On this appeal, plaintiff raises the following points for our consideration:
POINT I: THE TRIAL COURT ERRED IN DENYING PLAINTIFF'S MOTION FOR CHANGE OF CUSTODY WITHOUT A PLENARY HEARING IN THAT THERE HAS BEEN A SIGNIFICANT CHANGE OF CIRCUMSTANCES AND THE TRIAL COURT'S ORDER AND JUDGMENT IS NOT IN THE BEST INTEREST OF THE CHILD.
POINT II: THE TRIAL COURT ERRED IN DENYING PLAINTIFF'S MOTION TO MODIFY AND/OR TERMINATE THE PREVIOUS CHILD SUPPORT ORDER IN THAT THE ORDER WAS OBTAINED BY FRAUD AND UNENFORCEABLE.
POINT III: THE TRIAL COURT ERRED IN MODIFYING THE AUGUST 3, 2005 CHILD CUSTODY AND VISITATION ORDER AT THE REQUEST OF DEFENDANT-RESPONDENT IN THAT THE TRIAL COURT FAILED TO CONDUCT A PLENARY HEARING AND THERE IS INSUFFICIENT EVIDENCE TO WARRANT THE CHANGES.
Absent an abuse of discretion or a departure from applicable law, we will ordinarily defer to the decision of the Family Part, bearing in mind that court's expertise in family issues.
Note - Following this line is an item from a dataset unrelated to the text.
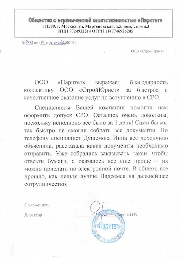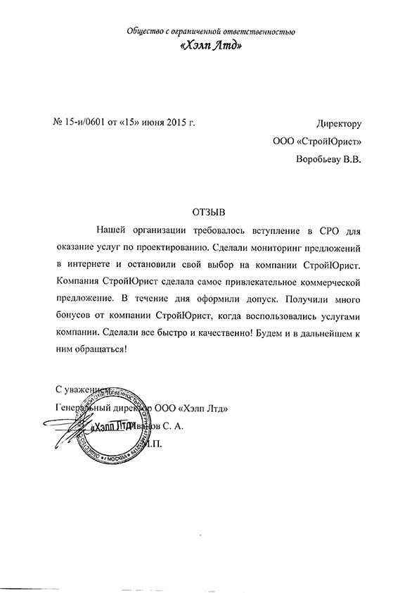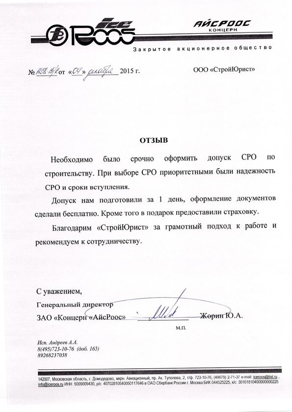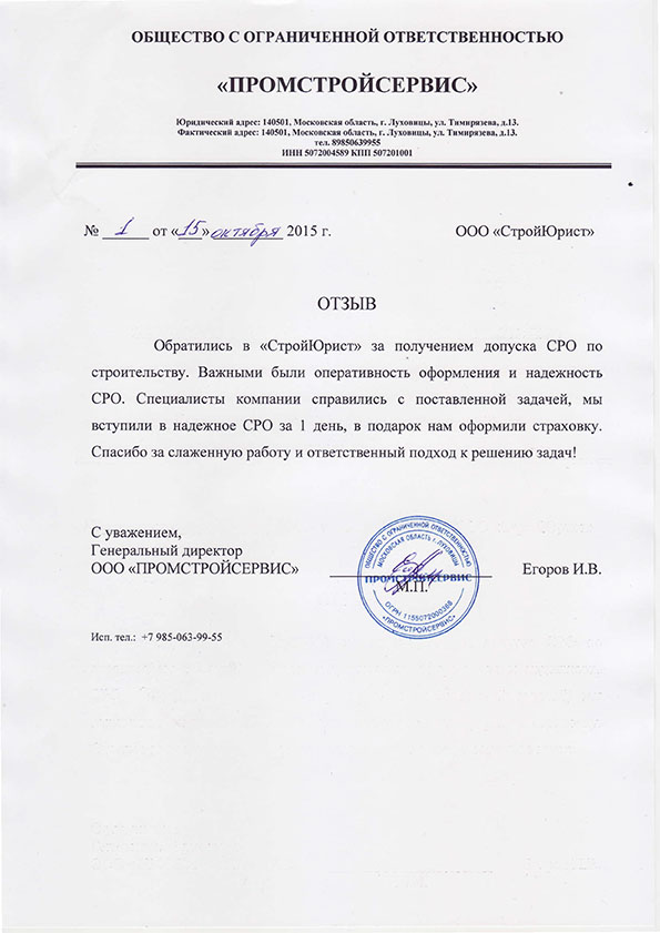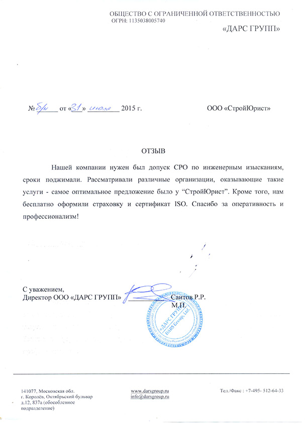 Отзывы клиентов "СтройЮрист" по вступлению в СРО в Комсомольске-на-Амуре
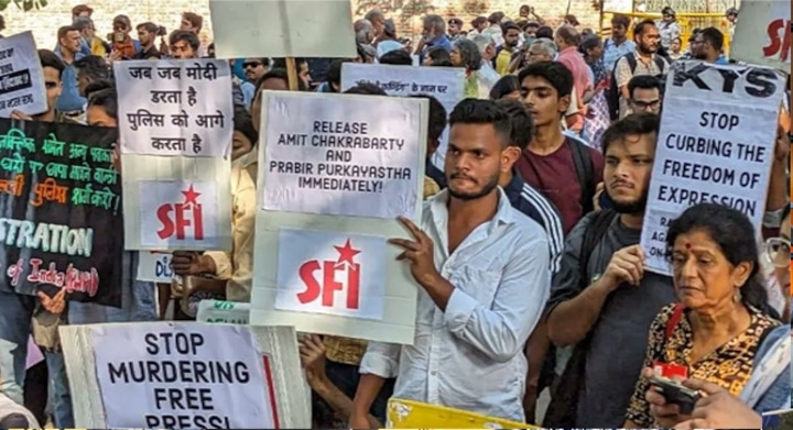 Several journalist bodies, students’, youth and civil society organisations held protests at Press Club of India and Jantar Mantar on October 4th against recent witch hunt of employees of #NewsClick, and especially the arrest of #PrabirPurkayastha and #AmitChakravarty pic.twitter.com/Qjtd7OHzwt

See Cesare v. Cesare, 154 N.J. 394, 412-13 (1998). Having reviewed the entire record in light of the applicable standard of review, we find no basis to disturb Judge Mizdol's decision, which is supported by the evidence, and we conclude that plaintiff's appellate contentions are without sufficient merit to warrant discussion in a written opinion. R. 2:11-3(e)(1)(A) and (E). We affirm substantially for the reasons set forth in Judge Mizdol's cogent oral opinion.